Saturday, 21 July 2012

A Love Supreme

I stumbled across this the other day, while searching for another Branford Marsalis link to email to a friend. How I managed to avoid seeing it all these years is anyone's guess. I once had the pleasure of seeing Mr. Marsalis in a trio configuration (with Jeff "Tain' Watts, also featured here, though his piano player, Kenny Kirkland, was away touring with Sting) at the University of Memphis Field House (a glorified gymnasium) with my dad, very shortly after arriving back from Japan in 1990. The acoustics were terrible, and the audience was mostly comprised of over-excited young African-American students, who had clearly come to hear the theme from the Spike Lee film "Mo' Better Blues," which was immensely popular at the time. In contrast, here was the intellectual, musicologically-minded Branford, intent on doing his thing, with a piano-less trio. I recall a particularly challenging 15-minute rendition of Ornette Coleman's "Garden of Souls," which left the audience fidgeting and chatting loudly. After a few numbers, punctuated by incessant requests for the hit song, Branford finally lost his cool, albeit in a very cool manner. I recall him saying to the restless audience, in a clearly frustrated, but very measured, way, "We're going to play what you want to hear, but first we're going to play what we like, because this music is important, and you need to hear it."
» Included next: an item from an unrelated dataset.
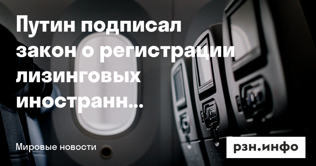 Владимир Путин подписал закон, дающий возможность регистрировать права на иностранные самолеты, находящиеся в лизинге у российских компаний. Информация опубликована на официальном портале правовой информации, пишет ТАСС.

This is an audacious and stunningly heartfelt interpretation of perhaps the jazz cannon's most intense and deepest work. As all worthy interpretations should, this one takes a lot of liberties, while remaining unwaveringly true to the spirit of the original. It is 17 minutes longer than the original album, and in some ways is more intense. The musicianship throughout is impeccable all around, though for my money, the real stand-out is Jeff "Tain" Watts, who is, in technical musicological parlance, "a motherfucker."